I have a screen on my app where a user inputs a number {x} and from this number I would like to create a collection in the programs doc and then add {x} documents to the collection.
Only one document gets added to the collection.
const handleContinue = async () => {
const batch = writeBatch(db);
const blockArray = [...Array(blockCount).keys()];
// use the program name as the ID.
const docRef = doc(db, `Users/${userStore.uid}/programs/${programName}`);
const payload = {
title: programName,
units: programUnits,
system: programSystem,
status: programStatus,
days: dayCount,
blocks: blockCount,
};
await setDoc(docRef, payload, { merge: true });
const docSnap = await getDoc(docRef);
if (docSnap.exists()) {
const dRef = doc(db, `Users/${userStore.uid}/programs/${programName}`);
const cRef = collection(dRef, "blocks");
blockArray.forEach((index) => {
const insert = doc(cRef, `block_${index}`);
batch.set(insert, { name: `Block ${index}` });
});
await batch.commit();
}
};
Structure I'm expecting starting from programs doc
-programs (doc)
-- programs fields
-- blocks (collection) <-- known collection name
--- block_1 (doc)
--- block_2 (doc)
--- block_3 (doc)
...etc
block_1, block_2 etc would be the document ID.
CodePudding user response:
As far as I can see in the code you're writing multiple documents, but all to the same collection: Users/${userStore.uid}/programs/${programName}/blocks
.
If you want to create multiple collections, you'll need to vary one of the odd-indexed parameters in this path, like blocks_1
, blocks_2
, etc.

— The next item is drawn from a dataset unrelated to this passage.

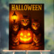 This Halloween artwork portrays the magical essence of autumn nights with glowing pumpkins and the watchful eyes of adorable orange cats. The composition radiates warmth from the lantern and jack-o’-lantern, casting a cosy golden light that contrasts with the playful mystery of the cats. Ideal as seasonal wall décor for living rooms, entryways, or festive gatherings, this poster combines whimsical feline charm with the timeless spirit of Halloween. A perfect gift for cat lovers, Halloween fans, and those who appreciate enchanting seasonal art.

Note though that this is not recommended in most scenarios, as the client-side SDKs have no way to request a list of the collections under a specific path, so it's typically best to use hard-coded collection names - or collection names that are implicitly known in some other way.
CodePudding user response:
So I found that my array I was looping over wasn't what I expected, nothing to do with Firebase. Fixed it further upstream and now I get the results I was after.